Task instructions
Images are not part of the copy; transcribe all the data exactly.
═════ Provided data ═════
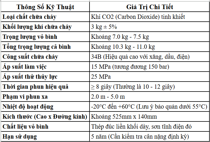 Thông Số Chi Tiết Của Bình Cứu Hỏa Khí CO2 3kg MT3 Miha
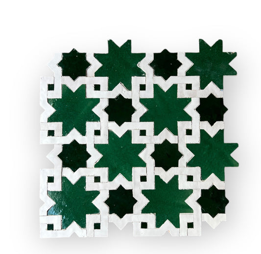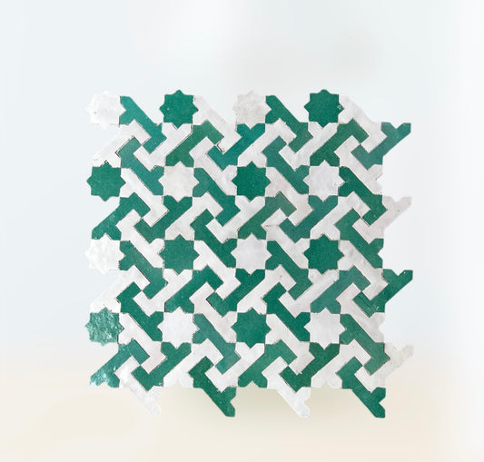 Our favorite client's quote when she was first introduced to our Elaborate Collection "If I'm going for Moroccan tile, why not go all the way and get the full blown Moroccan classic pattern!" Our Elaborate collection is what dazzles our clients, this collection makes an artistic statement in your home and makes it very personal to you. All the patterns in this collection are part of the very classics of Zellige world and are custom made to order, we work with our clients to pick their favorite colors from 45 colors ways and match it with the patterns we see fit in their living space.
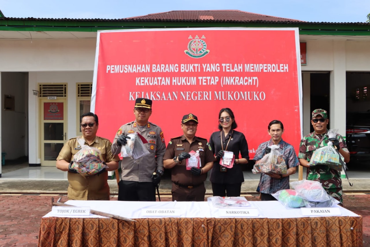 “Tentu ini semua berkat adanya sinergitas penegakan hukum antara Kejaksaan Mukomuko, Polres Mukomuko dan pengadilan negeri, yang mana semua barang bukti ini telah inkracht, ” ujarnya Kajari Mukomuko.
═════
Exercise result
 Thông Số Chi Tiết Của Bình Cứu Hỏa Khí CO2 3kg MT3 Miha
 Our favorite client's quote when she was first introduced to our Elaborate Collection "If I'm going for Moroccan tile, why not go all the way and get the full blown Moroccan classic pattern!" Our Elaborate collection is what dazzles our clients, this collection makes an artistic statement in your home and makes it very personal to you. All the patterns in this collection are part of the very classics of Zellige world and are custom made to order, we work with our clients to pick their favorite colors from 45 colors ways and match it with the patterns we see fit in their living space.
 “Tentu ini semua berkat adanya sinergitas penegakan hukum antara Kejaksaan Mukomuko, Polres Mukomuko dan pengadilan negeri, yang mana semua barang bukti ini telah inkracht, ” ujarnya Kajari Mukomuko.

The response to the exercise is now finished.